Renoise multiplicative combining series#
When I first started doing time series analysis, the only way to visualise how a time series splits into different components was to use base R. You can have a time series that is somewhere in between the two, a statistician’s “it depends”, but I’m interested in attaining a quick classification so I won’t be handling this complication here. This is often seen in indexed time series where the absolute value is growing but changes stay relative. If you have an increasing trend, you still see roughly the same size peaks and troughs throughout the time series. In an additive time series, the components add together to make the time series. This is common when you’re looking at web traffic. If you have an increasing trend, the amplitude of seasonal activity increases. In a multiplicative time series, the components multiply together to make the time series.
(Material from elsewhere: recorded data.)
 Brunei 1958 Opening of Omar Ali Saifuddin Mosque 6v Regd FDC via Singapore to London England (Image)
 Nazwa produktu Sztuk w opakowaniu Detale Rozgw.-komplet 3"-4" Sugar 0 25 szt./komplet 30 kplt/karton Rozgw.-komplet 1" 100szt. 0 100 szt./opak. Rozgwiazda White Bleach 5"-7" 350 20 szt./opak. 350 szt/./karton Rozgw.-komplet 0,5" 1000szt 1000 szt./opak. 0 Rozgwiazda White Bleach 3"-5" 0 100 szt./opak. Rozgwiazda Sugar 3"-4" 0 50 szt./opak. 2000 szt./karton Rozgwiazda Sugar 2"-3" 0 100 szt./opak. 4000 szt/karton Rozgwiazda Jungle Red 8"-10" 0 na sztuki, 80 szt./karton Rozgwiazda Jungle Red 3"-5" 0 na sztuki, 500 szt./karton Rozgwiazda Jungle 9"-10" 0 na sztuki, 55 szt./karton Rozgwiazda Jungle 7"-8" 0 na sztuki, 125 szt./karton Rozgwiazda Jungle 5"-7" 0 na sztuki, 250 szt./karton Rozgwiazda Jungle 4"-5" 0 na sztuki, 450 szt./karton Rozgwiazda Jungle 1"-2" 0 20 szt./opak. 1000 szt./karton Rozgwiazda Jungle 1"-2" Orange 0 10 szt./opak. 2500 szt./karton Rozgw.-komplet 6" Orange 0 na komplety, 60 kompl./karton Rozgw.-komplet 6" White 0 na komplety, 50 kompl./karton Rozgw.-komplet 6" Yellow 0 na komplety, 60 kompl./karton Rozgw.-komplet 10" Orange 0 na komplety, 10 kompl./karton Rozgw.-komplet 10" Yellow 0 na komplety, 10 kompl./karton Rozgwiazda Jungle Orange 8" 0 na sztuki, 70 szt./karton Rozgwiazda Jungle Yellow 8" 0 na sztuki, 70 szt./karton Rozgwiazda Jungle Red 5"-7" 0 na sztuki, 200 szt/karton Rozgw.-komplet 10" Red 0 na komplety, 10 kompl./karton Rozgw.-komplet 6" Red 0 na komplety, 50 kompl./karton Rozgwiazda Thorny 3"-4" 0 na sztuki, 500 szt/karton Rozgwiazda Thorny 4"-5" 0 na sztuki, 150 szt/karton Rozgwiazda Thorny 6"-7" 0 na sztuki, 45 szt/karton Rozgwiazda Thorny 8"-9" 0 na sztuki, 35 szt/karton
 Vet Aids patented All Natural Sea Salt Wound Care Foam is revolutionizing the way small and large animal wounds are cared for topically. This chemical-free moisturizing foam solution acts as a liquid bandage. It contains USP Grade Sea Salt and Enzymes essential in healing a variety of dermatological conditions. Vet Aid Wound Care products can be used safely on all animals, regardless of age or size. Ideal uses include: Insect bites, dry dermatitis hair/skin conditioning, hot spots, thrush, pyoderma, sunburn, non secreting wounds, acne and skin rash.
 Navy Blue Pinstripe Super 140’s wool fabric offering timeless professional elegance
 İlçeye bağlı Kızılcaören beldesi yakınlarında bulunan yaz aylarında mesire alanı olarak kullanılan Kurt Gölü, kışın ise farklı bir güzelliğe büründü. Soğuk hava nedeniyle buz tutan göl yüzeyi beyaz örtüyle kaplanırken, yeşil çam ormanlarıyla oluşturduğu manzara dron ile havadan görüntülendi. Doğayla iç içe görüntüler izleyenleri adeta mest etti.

![renoise multiplicative combining renoise multiplicative combining](https://rekkerd.org/img/200905/renoise_2_1.jpg)
How these three components interact determines the difference between a multiplicative and an additive time series. – error/ residual/ irregular activity not explained by the trend or the seasonal value – seasonality how things change within a given period e.g. There are three components to a time series: It’s important to understand what the difference between a multiplicative time series and an additive one before we go any further. This post looks at how we can classify a given time series as one or the other to facilitate further processing.
![renoise multiplicative combining renoise multiplicative combining](https://i.ytimg.com/vi/LBGHBlbLcXE/maxresdefault.jpg)
![renoise multiplicative combining renoise multiplicative combining](https://i.pinimg.com/originals/51/6d/90/516d90a8089413b202c33f3558c48c5a.jpg)
The interactions between trend and seasonality are typically classified as either additive or multiplicative. To be able to analyse time series effectively, it helps to understand the interaction between general seasonality in activity and the underlying trend. Time series data is an important area of analysis, especially if you do a lot of web analytics.